Он промолчал, поигрывая вилкой, и не отрываясь следил за выражением ее лица, выискивая предательские признаки тревоги или беспокойства. Но так ничего и не увидел.

– Он сказал, что хочет поговорить о делах, о чем-то, что нас заинтересует. Он пригласил нас на обед, а потом, конечно – тебя же не было, – я решила выслушать, что он скажет, зная, как важна для нас фирма «Эвербах» в Европе.

Когда она запнулась, Бенедикт едва не выдал себя.

– Почему ты не… – он чуть было не сказал «… не пообедала в отеле». Он не мог ляпнуть такую глупость. Тогда он изменил вопрос: —…не посоветовалась со мной по телефону, прежде чем согласиться на эту встречу?

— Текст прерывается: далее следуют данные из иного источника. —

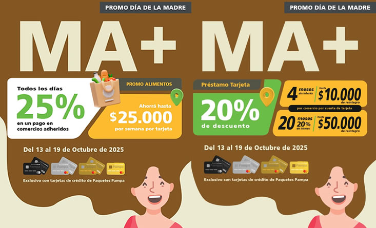 La campaña, denominada «Promo Día de la Madre MA+», incluye descuentos de hasta el 25% con reintegros de hasta $50.000 y financiación en cuotas sin interés en comercios adheridos.
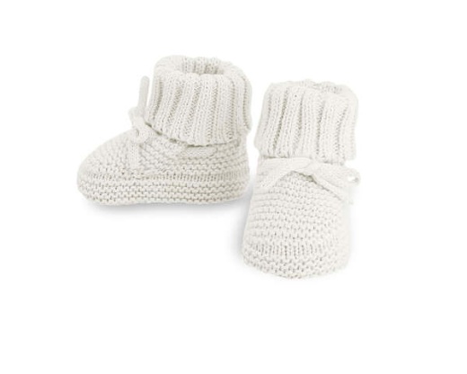 Patucos de bebé tejidos en punto suave, en color blanco, con vuelta en el tobillo y lazo decorativo. Cómodos, calentitos y ideales para recién nacido. 🤍Siempre con la calidad de MAYORAL.
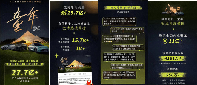 2022年受疫情影響,大量線下演唱會被取消或延期,線上演出市場迎來了前所未有的繁榮。極狐汽車以敏銳的洞察力,搶占騰訊視頻號首次商業化先機,成為第一個吃螃蟹的車企,以崔健首場線上演唱會,一舉打破沉寂,嗨爆全網。隨后,極狐汽車趁熱打鐵,聯手羅大佑引發全民情感共鳴,與黑豹樂隊、唐朝樂隊、新褲子等歌手共同打造“你要好好的”搖滾演唱會。
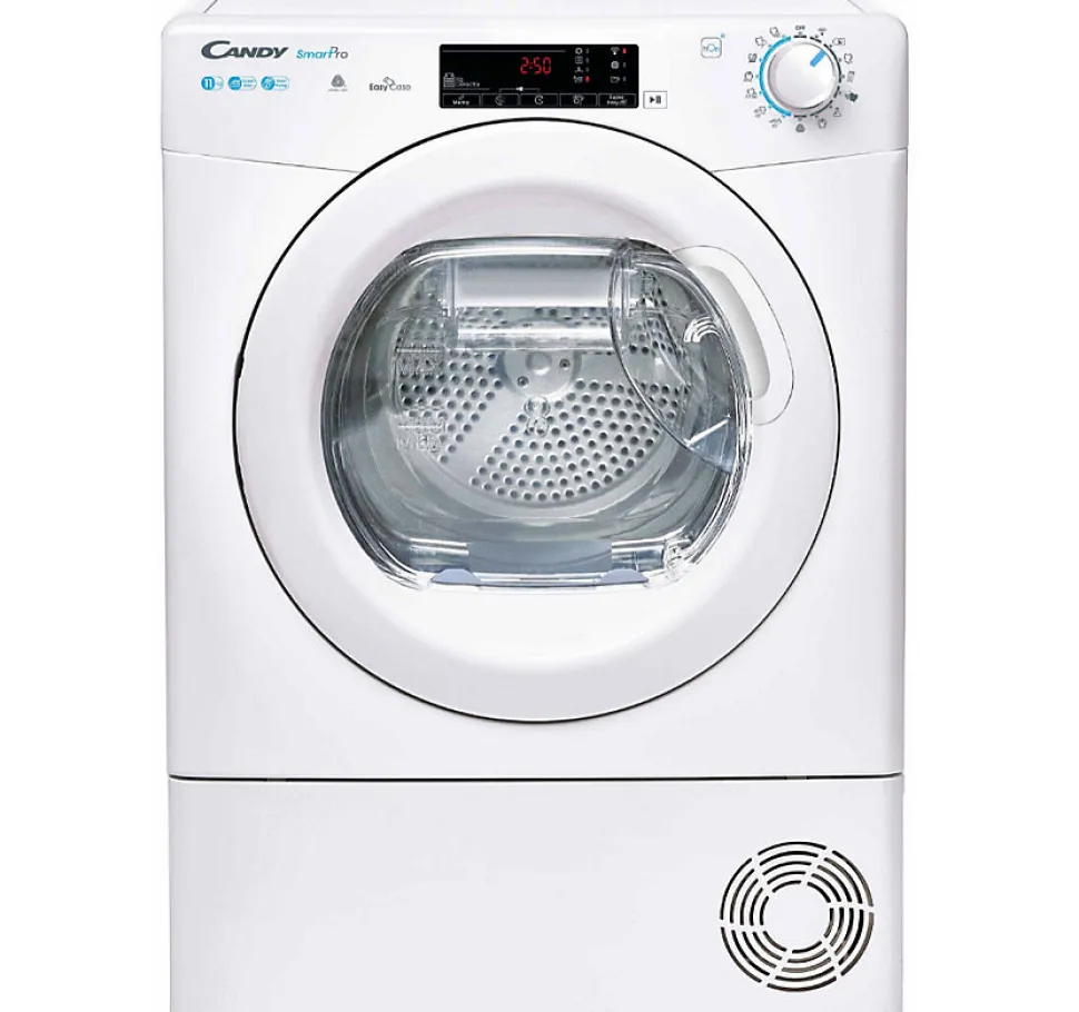 Sèche-linge pompe à chaleur à condensation 60cm 11kg Candy – Sèche-linge pompe à chaleur Candy CSOEH11A2TE-S grande capacité de 11kg. Le tambour permet de sécher jusqu’à 11 KG de linge. Capacité unique sur le marché dans un encombrement standard ! Connectivité Wifi + Bluetooth : Grâce à l’application SimplyFi, accédez à 40 programmes supplémentaires et recevez des alertes pour entretenir votre sèche-linge. Programmes courts : 7 programmes rapides en accès direct, dont un Quotidien Parfait en 59 min, clairement identifiés par un code couleur sur la manette. Bac à eau Easy Case : Un bac récupérateur d’eau situé dans la porte. Il est facile à transporter et à vider. Le niveau d’eau peut être contrôlé en un coup d’?il. – Type de produit : Sèche-linge frontal.Capacité nominale (kg) : 11.Type de séchage : Condensation.Classe d’efficacité énergétique : A ++.Consommation d’énergie annuelle pondérée (AE C) en kWh/an : 311.Type de sèche-linge : Sèche-linge domestique à tambour automatique.Consommation d’énergie pour le programme coton standard à pleine charge (kWh) : 2.83.Consommation d’énergie pour le programme coton standard à demi-charge (kWh) : 1.24.Consommation électrique en mode arrêt (P o) en W : 0.3.Consommation électrique en mode laissé sur marche (P l) en W : 0.7.Programme coton : Le »programme coton standard » à pleine charge et à demi-charge est le cycle de séchage standard auquel se rapportent les informations qui figurent sur l’étiquette et sur la fiche. Ce programme convient pour le séchage de textiles en coton normalement humides et il constitue le programme le plus efficace en termes de consommation d’énergie pour le coton.Durée pondérée du cycle (T t) pour le programme coton standard à pleine charge et à demi-charge (min) : 239.Durée du programme coton standard à pleine charge (min) : 345.Durée du programme coton standard à demi-charge (min) : 160.Classe du taux de condensation :

– Честно говоря, моя голова была… и сейчас занята мыслями о Наташе. Я не подумала. Мне следовало бы позвонить тебе, однако… мне кажется, сейчас не время вдаваться во все подробности того, что он сказал. Короче говоря, суть в том, что он ездил в Цюрих, чтобы обсудить вопрос о новых приобретениях «Эвербах». Они… их… интерес к косметическому бизнесу очень высок.

Луиза коротко передала Бенедикту суть разговора с Яном, умолчав лишь о том обстоятельстве, что, по мнению Фейнера, его головная фирма слабо финансирует собственное отделение «Луиза Тауэрс».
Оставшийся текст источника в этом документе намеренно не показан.